It took me a while to learn how to sail my Skerry through a tack.  You want to fall off a bit first to gain some headway, of course, but the Skerry is so light that she doesn’t have a lot of momentum.  Putting the rudder over hard introduces a lot of drag, which slows her down pretty quick.  I am much more successful if I don’t try to come about quite so abruptly.  And sometimes I have no alternative other than a controlled jibe if I’m getting too close to shore or to another boat.  Practice, practice, practice.


RE: Skerry sailing

   Yep, jibing around is sometimes the thing.  "Wearing ship" as it was called in olden days.  That's when you need to have the reef in if it's blowing.  The skerry is so light, if you are overcanvassed, the lug sail has too much turning moment against the rudder and it won't jibe cleanly.  I accelerated past hull speed creating a hole between bow and stern waves and the rig tried to drive the boat down in to the hole in the water.
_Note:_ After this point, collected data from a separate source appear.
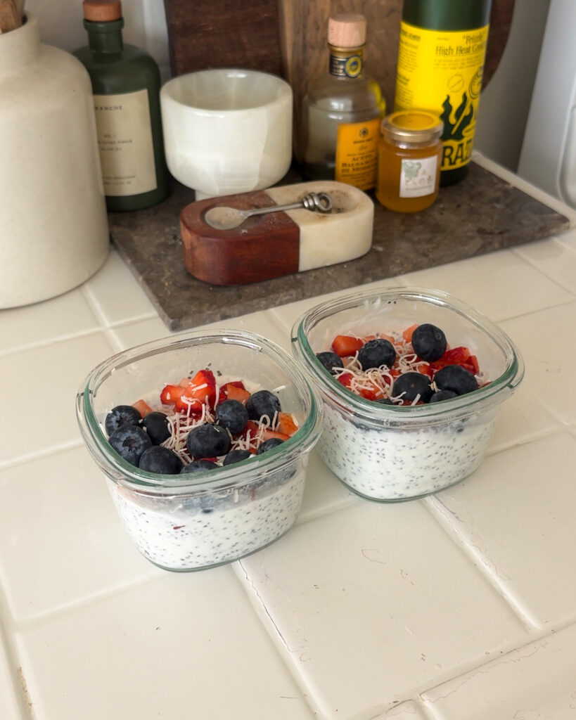 When I want something sweet and refreshing, I always reach for this collagen chia pudding. It’s protein-packed from the yogurt and collagen and has the best creamy texture after setting overnight.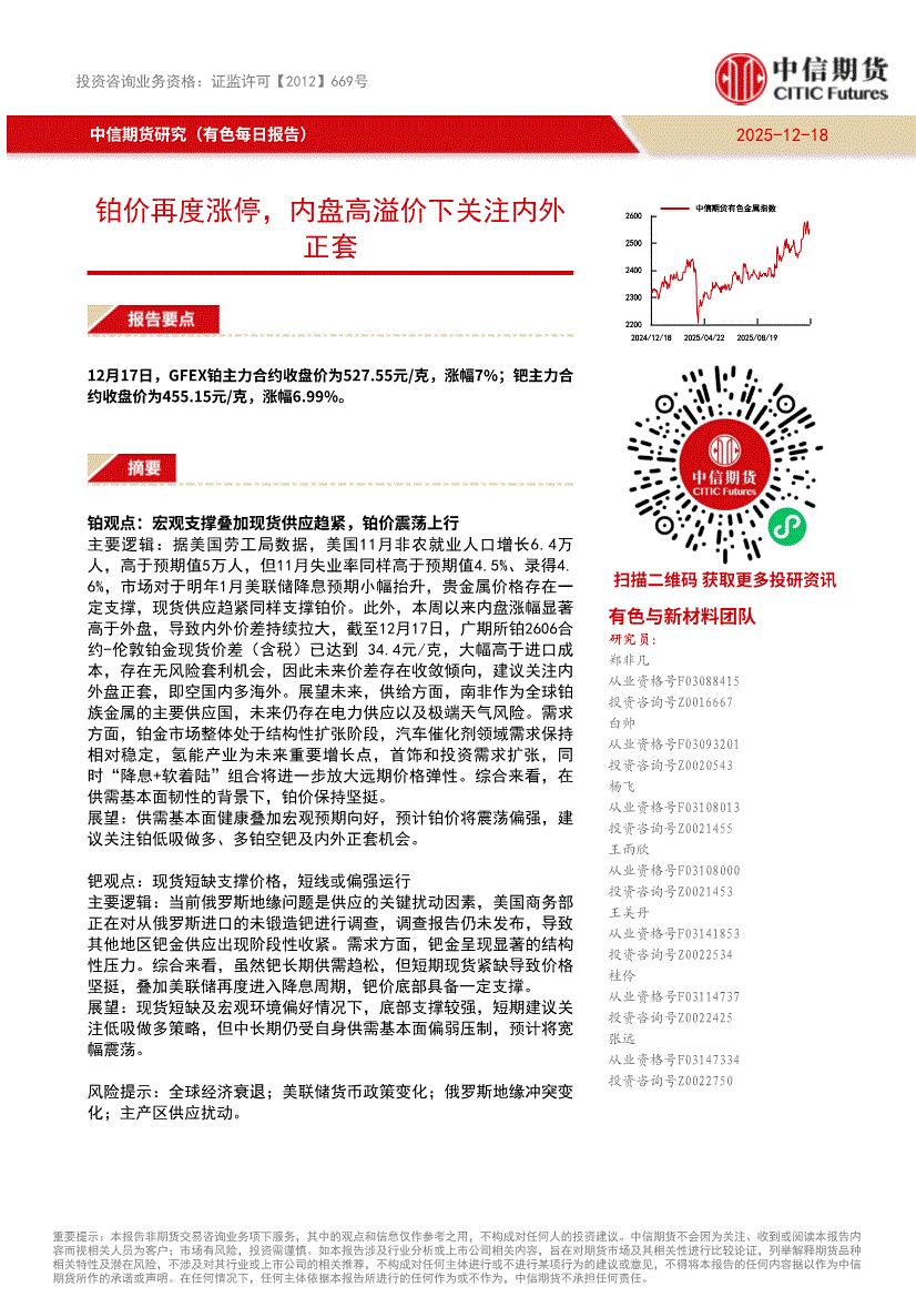 研报:中信期货-有色每日报告:铂价再度涨停,内盘高溢价下关注内外正套-251218
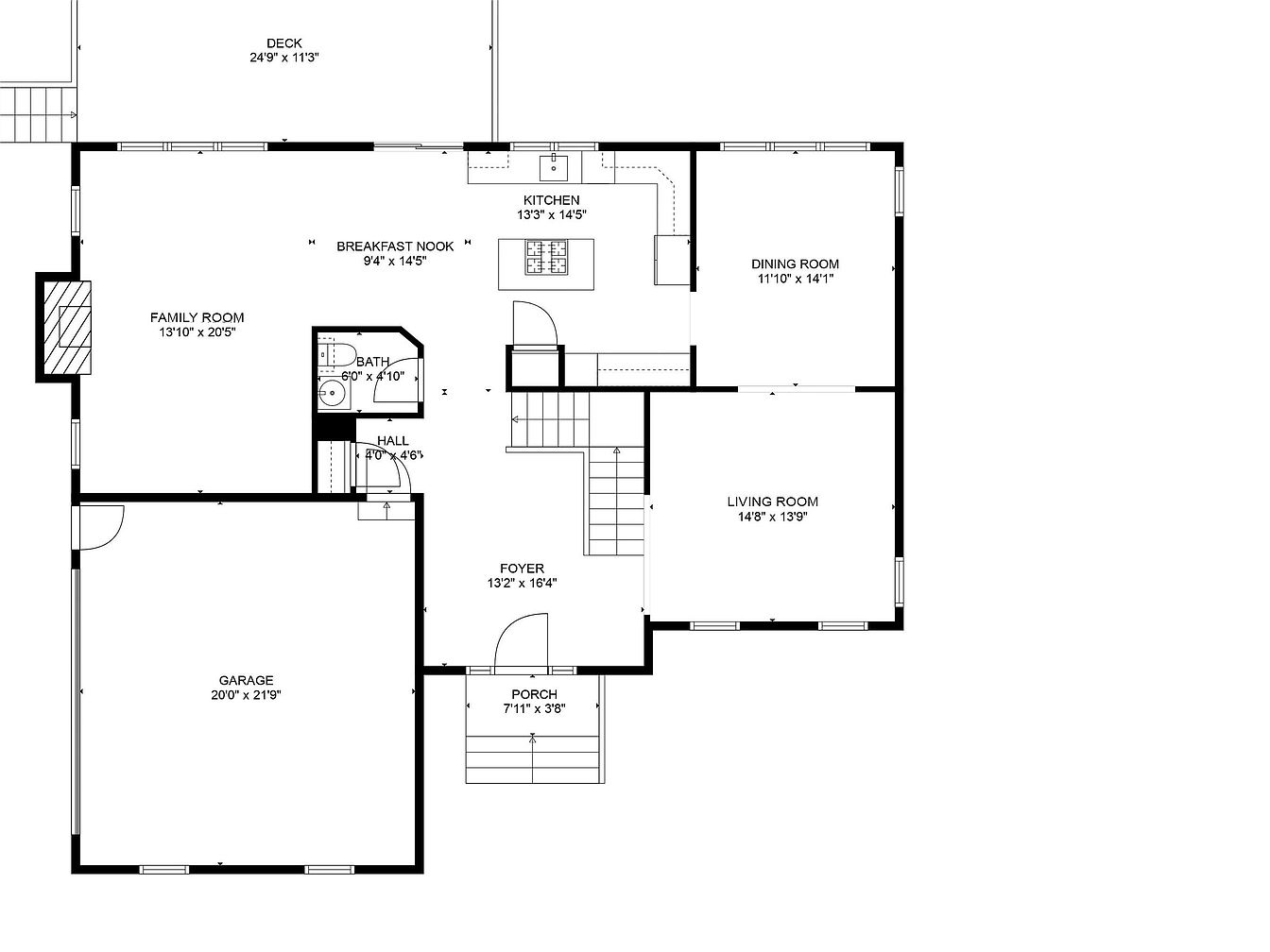 This floor plan reveals a well-organized main level designed for both functionality and comfort. Enter through a porch leading into a spacious foyer measuring 13’2″ by 16’4″, serving as central access to the living room, kitchen, and staircase. To the right is a formal living room adjacent to the dining room, allowing for elegant entertaining. The kitchen and breakfast nook form an open, flowing area at the rear, with access to a large deck. The family room is on the left side, emphasizing casual relaxation. A convenient small bathroom and garage complete this thoughtful layout.

I didn't have time to get the sail centered like I would on a keelboat.

RE: Skerry sailing

   Yes, that happened to me y'day, when doing a tack, having to wear ship instead, due to sudden high winds.  I'd forgotten to shift my butt over to the windward side, and so, gulp, gulp, in came a few gallons of water.  I'd done several of these long-way-around tacks already y'day, and had become too lackadaisical about it. Oh well.
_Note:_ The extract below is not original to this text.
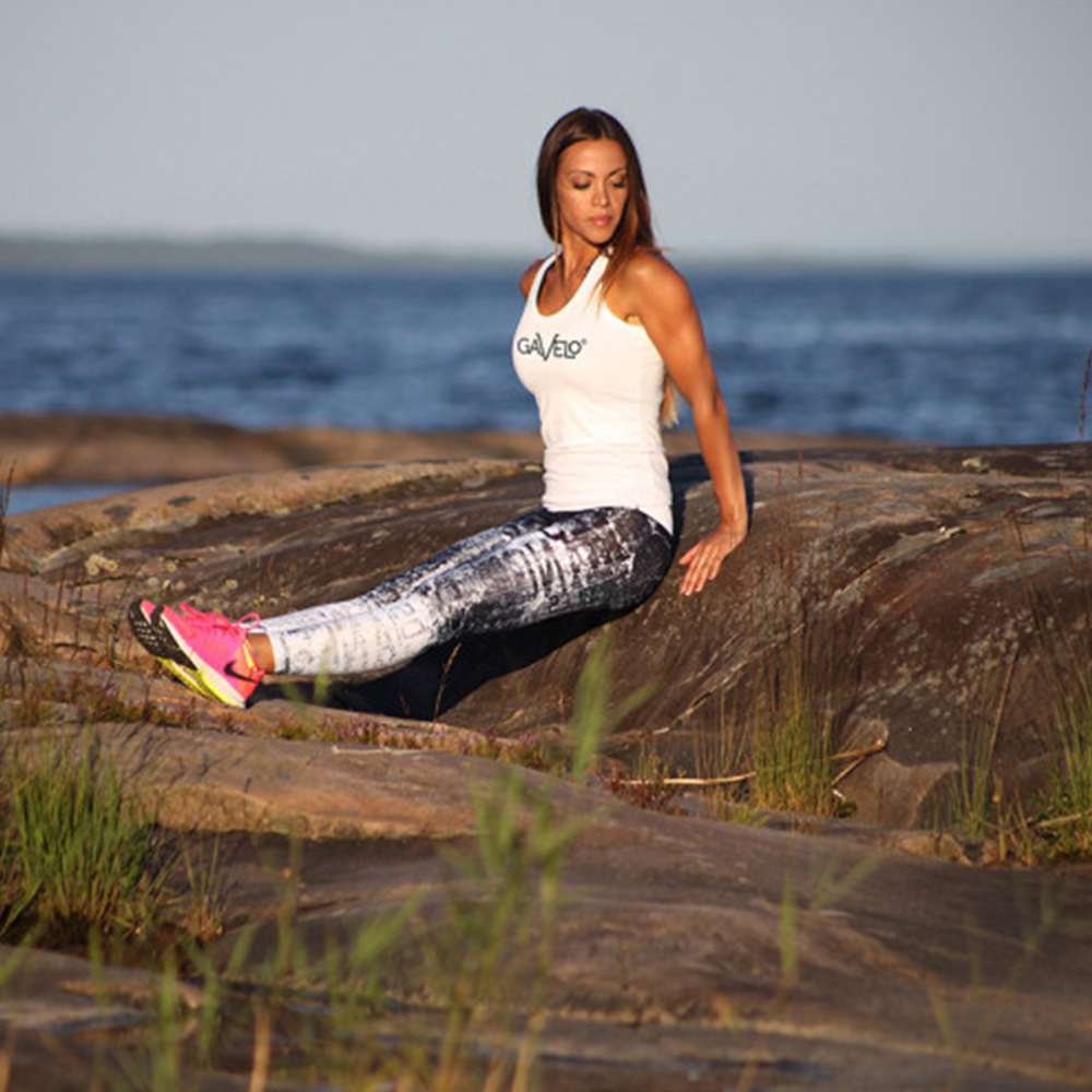 Working out with the compression leggings of Gavelo will be easily. The compression legging is available in different colors/prints, the Eclipse Gavelo compression legging features Gavelo logo on the right thigh in style of a newspaper. The city of Los Angeles is brought back several times in the pants. To finish off your sports outfit you can match it with a sports bra!

As to conventional tacking, falling off first, yes, does help. At least 2+ mph speed on the gps.  As well, be sure to let the mainsheet go, at the beginning of the tack, so that the sail provides no drag, during the turn through the wind.  If you hold onto the main during the tack, it'll only impede the turn through the wind.  

Last but not least, have a paddle handy.  W/no engine aboard, no pride lost in forcing her over to the other side with a few well timed strokes of the wooden auxiliary.  

RE: Skerry sailing

To Mummichog re reefing early, after y'day, am in total agreement.  Was out in 5 to 15 for 3 hrs, and with a reef tied in, for first time while out in my Skerry, found the sailing to be considerably better than with no reef.